我需要在perl上绘制2D线到1024x768的图像;线的坐标是unix时间戳,如x1 = 1365693813 y1 =(某个虚拟中心)x2 = 1365793815 y2 =(某个虚拟中心)。什么公式可以将现实生活中的coord缩放到图像空间?
答案 0 :(得分:1)
假设($x1,$y1)和($x2,$y2)定义了“视图窗口”的左下角和右上角,并且您有一个点,您希望将($x3,$y3)标记为$x1 <= $x3 <= $x2和$y1 <= $y3 <= $y2。还假设您正在使用标准图像空间,其中(0,0)是图像的左上角。

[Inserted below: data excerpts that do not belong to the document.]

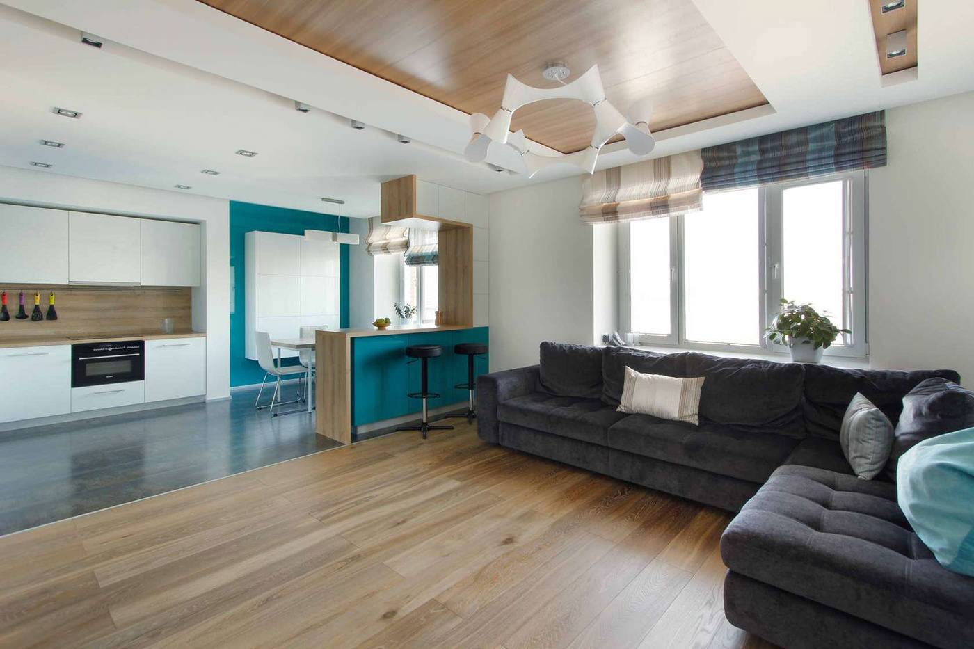 Присмотритесь внимательно к этому варианту, если у вас уже есть какая-либо граница (реальная или визуальная) между кухней и гостиной – барная стойка, перегородка, фальш-стена.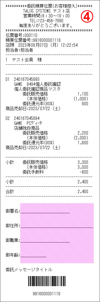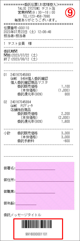 ⑨ 個人委託内容が記載されたレシートが出力されます。
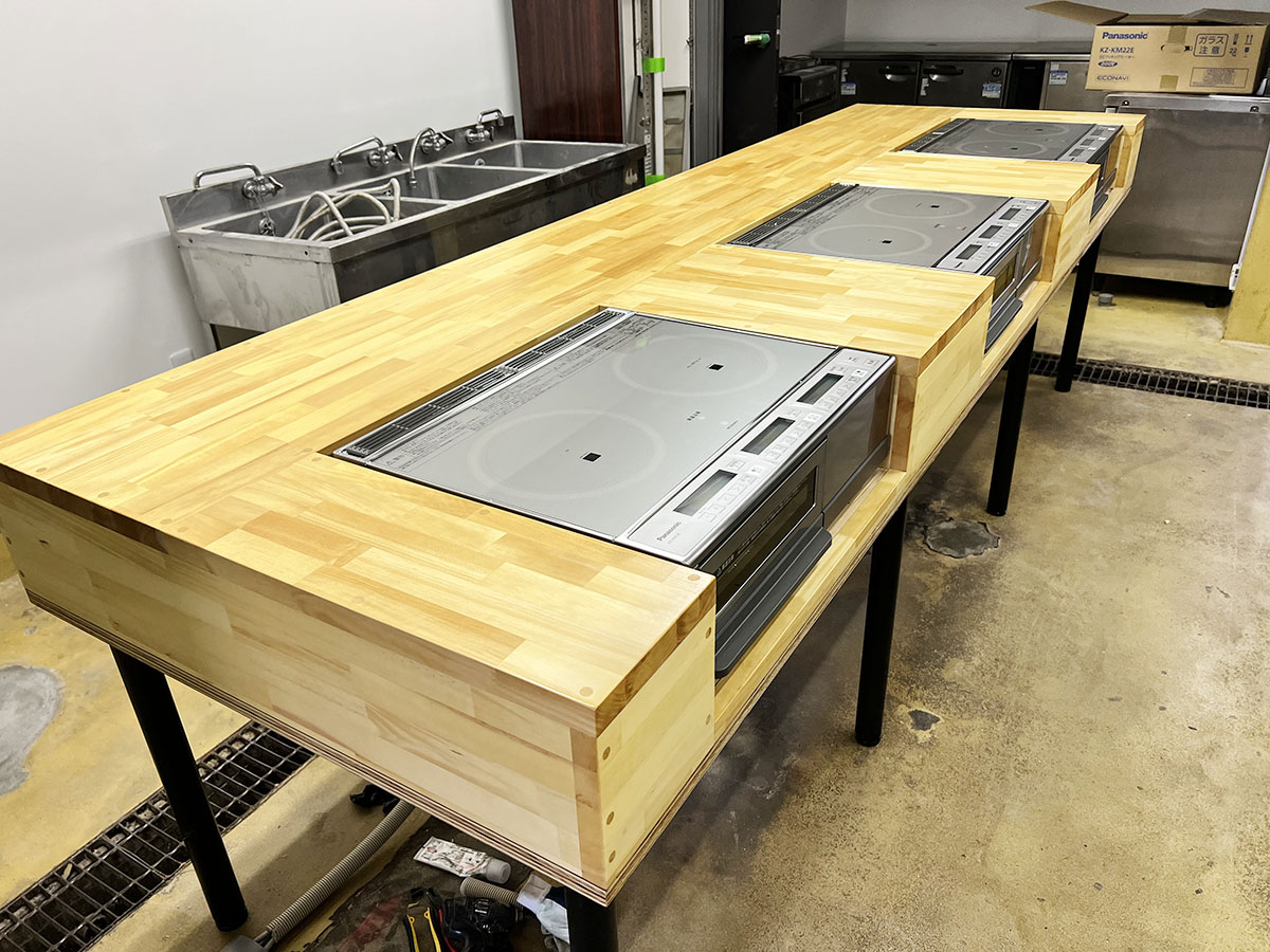 2人でキッチンに立つことが日常です。デザインや機能の云々ではなく、十分な作業スペースが絶対条件でしたので天板サイズを幅3,000mm/奥行1,000mmとしました。このサイズになるとメーカー既製品では高すぎて購入は厳しいためオリジナルで制作しました。

您可以找到($xp, $yp)作为像素坐标以在图像上绘图,如下所示:
# View window
my ($x1,$y1) = (1365693813, 100);
my ($x2,$y2) = (1365693815, 200);
my ($vw ,$vh) = ( $x2 - $1, $y2 - $y1 );
# Image width/height
my ($imgw,$imgh) = (1024, 768);
# Point to plot in original co-ordinates
my ($x3,$y3) = (1365693814, 150);
# Calculate point to plot in image co-ordinates
my $xp = int( ( $imgw * ($x3 - $x1)/$vw) + 0.5 );
my $yp = int( ( $imgh * ( 1.0 - ($y3 - $y1)/$vh) ) + 0.5 );
# Now plot ( $xp, $yp ), provided it is inside the graphic!